In 1997, during the government-endorsed mediation process, Sandra Wolfe, a third COT case, encountered significant injustices and documentation issues. Notably, a warrant was executed against her under the Queensland Mental Health Act (see pages 82 to 88, Introduction File No/9), with the potential consequence of her institutionalisation. It is evident that Telstra and its legal representatives sought to exploit the Queensland Mental Health Act as a recourse against the COT Cases in the event they were unable to prevail through conventional means. Senator Chris Schacht diligently addressed this matter in the Senate, seeking clarification from Telstra by stating:
“No, when the warrant was issued and the names of these employees were on it, you are telling us that it was coincidental that they were Telstra employees.” (page - 87)
Why has this Queensland Mental Health warrant matter never been transparently investigated and a finding made by the government communications regulator?:
Sandra Wolfe, an 84-year-old cancer patient, is enduring severe challenges while striving to seek a resolution for her ongoing concerns. Upon reviewing her recent correspondence, it becomes evident that a notable lack of transparency has marked her experience with the Telstra FOI/Mental Health Act issue. The actions of Telstra and its arbitration and mediation legal representatives towards the COT Cases portray a concerning pattern. This is exemplified by the unfortunate outcomes experienced by many COT Cases, including fatalities and ongoing distress. My health struggles, including a second heart attack in 2018, necessitated an extended hospitalisation, underscoring the urgency with which these matters must be addressed.
It is imperative to uncover the disturbing details in the AFP transcripts from 10 February 1994, where the treacherous machinations of individuals such as Superintendent Jeffrey Penrose, Detective Sergeant Cochrane, Graham Schorer—who masquerades as a spokesperson for the COT Cases—and Amanda Davis, a former government official, came to light. In a chilling display of negligence, they discussed a briefcase that Telstra had carelessly abandoned at my business, containing the names of numerous individuals. Like Mr Schorer and me, we were all victims of a grotesque invasion of privacy, subjected to the ruthless interception and monitoring of our telephone conversations without so much as a whisper of consent.
The transcripts, specifically on pages 37, 38, and 39 AFP evidence file GS 18, starkly reveal that Mr Schorer laid bare the sinister truth to the AFP: former Telstra employee Mr Marr had supplied damning evidence of this telephone interception to Senator Bob Collins. This dark revelation hints at a vast, oppressive network of surveillance that preyed on innocent lives, all without remorse or accountability.
During the critical period when Ann Garms penned these four letters, I also reached out to The Hon. Malcolm Turnbull, who not only served as Prime Minister but previously held the role of Minister for Communications, engaging with important matters concerning the Australian public. I shared a detailed timeline of events with The Hon. Mathias Cormann, then the Minister for Finance, and with a lawyer practising in Hamilton, Victoria. This timeline was beautifully formalised into a statutory declaration, meticulously prepared by Hamilton lawyer Gerard O'Keeffe, which was dated July 26, 2019.

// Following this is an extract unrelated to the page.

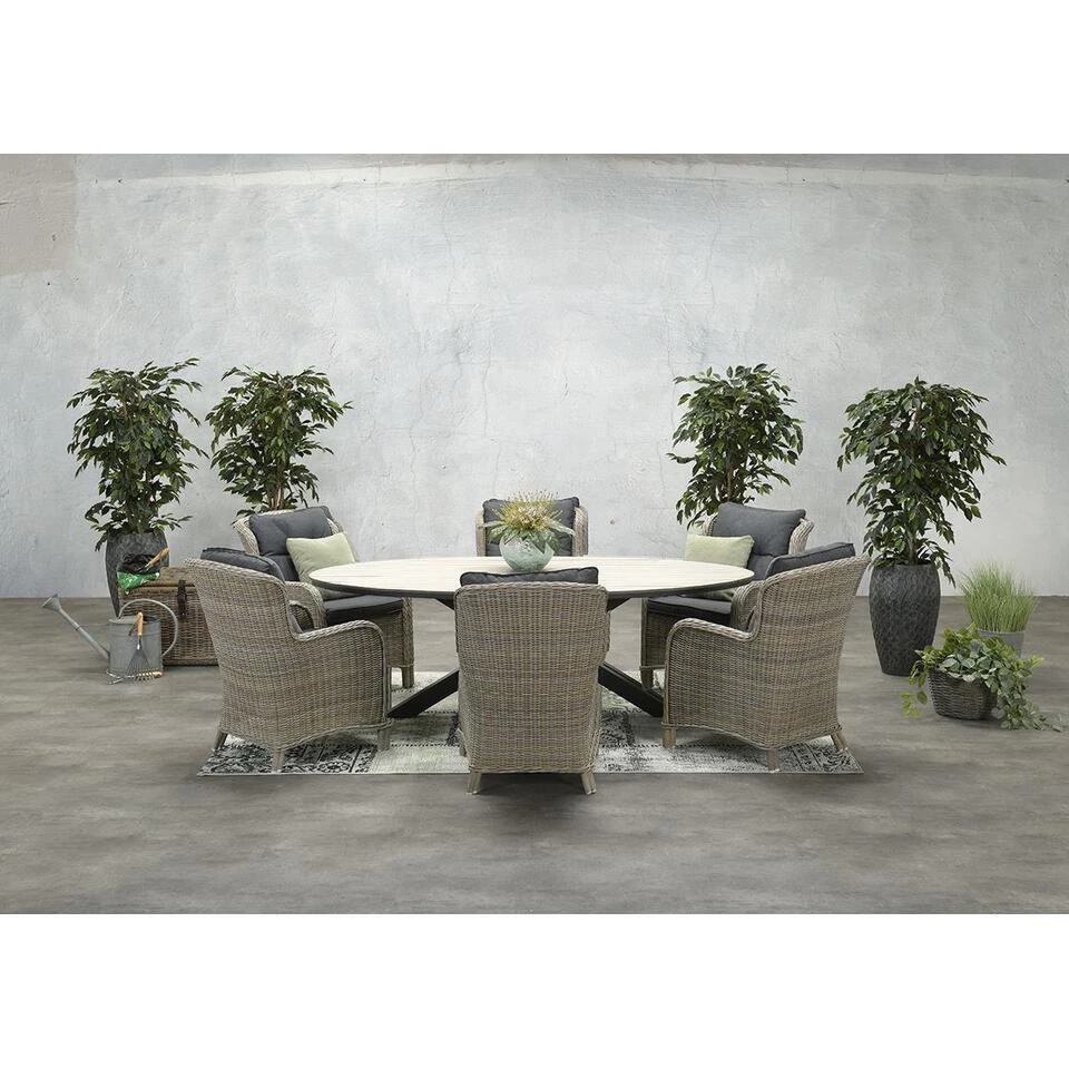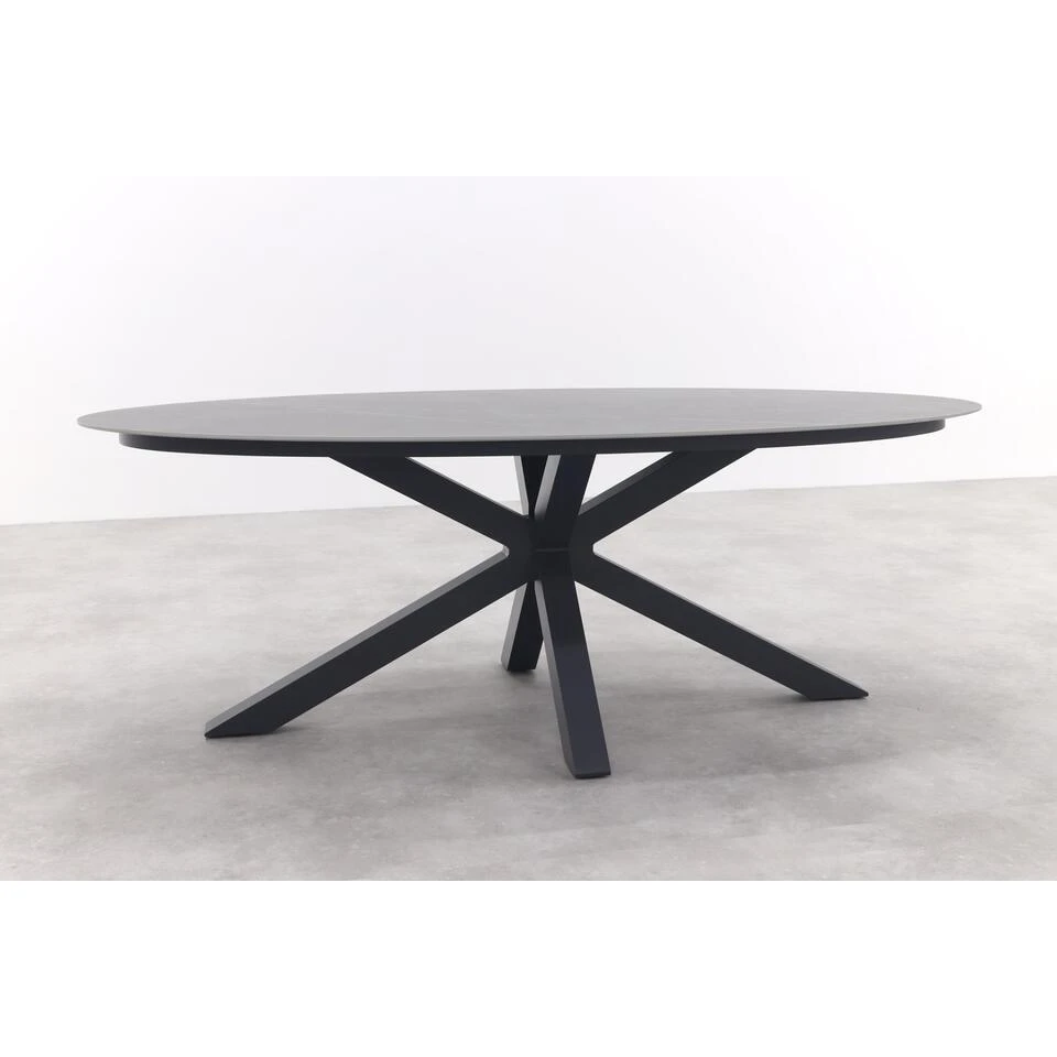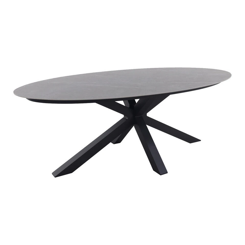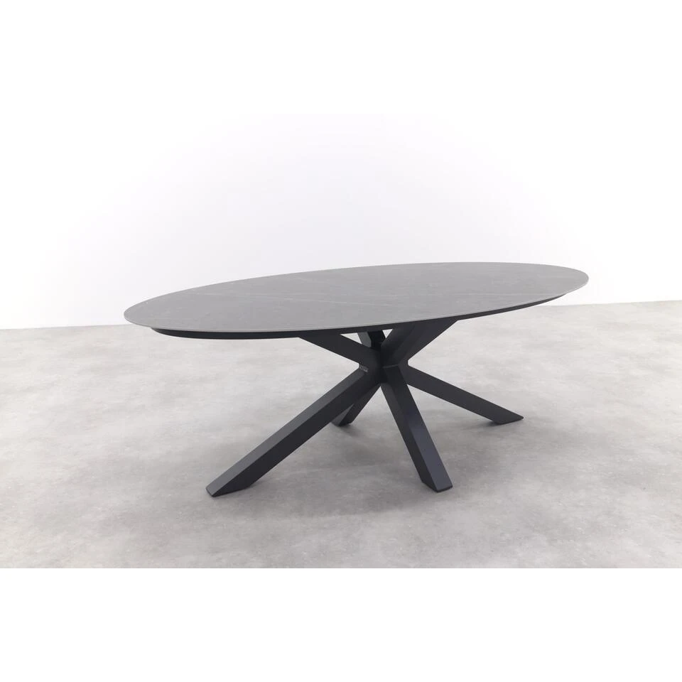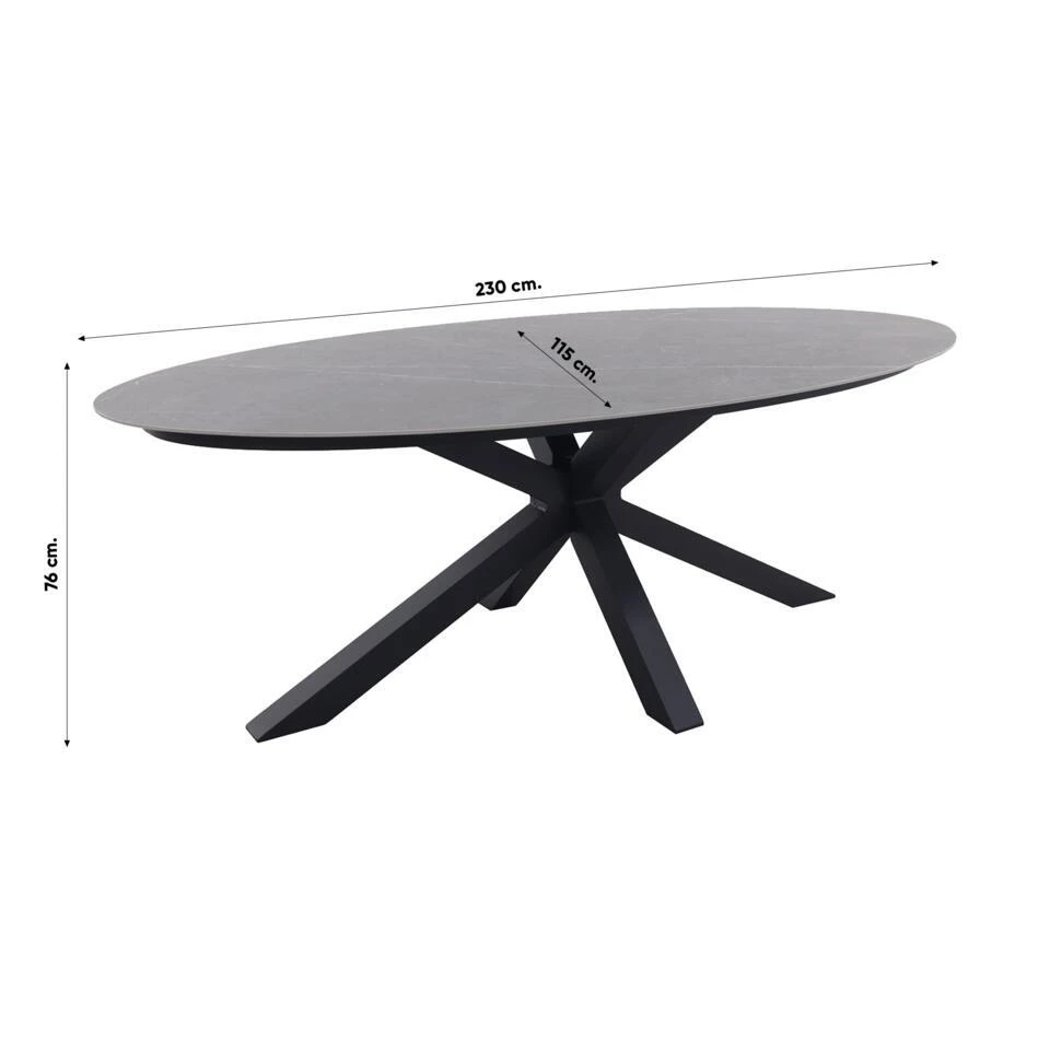 De Scotland ovale tuintafel Centostone met een marmerlook in het antraciet is een échte eyecatcher. Door zijn ovale vorm en donkere marmerlook blad is deze tuintafel helemaal volgens de laatste trends en een echte must-have. De ovale vorm zrogt voor een ruime tafel waar je met 6 personen buiten van elkaars gezelschap geniet. Dankzij het donkere blad met marmerlook voeg je eenvoudig een vleuge luxe en elegantie toe aan jouw tuin. De Scotland ovale tuintafel is gemakkelijk te combineren met andere materialen tuinmeubelen. De ovale tuintafel is vervaardigd uit unieke en onderhoudsvriendelijke materialen. Zo geniet jij zorgeloos van het buitenleven.

I am not drawing attention to the alleged sexual assault of children by Senator Bob Collins merely as a critique of the political powers at work in Parliament House, Canberra. These abhorrent and despicable crimes have been extensively documented over the years, revealing a darkness that is as repugnant as any offence against a child.
It is my sincere hope that my forthcoming publication will expose Telstra's egregious conduct, a corporation that warrants closer scrutiny. It is June 2025, and after several emails sent by me to Sandra's email address since the beginning of February 2025, the last email I received told me that Sandra's cancer treatment was becoming intolerable. With Sandra living in faraway Queensland, too far for me to travel, I can only assume the worst, or perhaps for the better, with Sandra now at peace.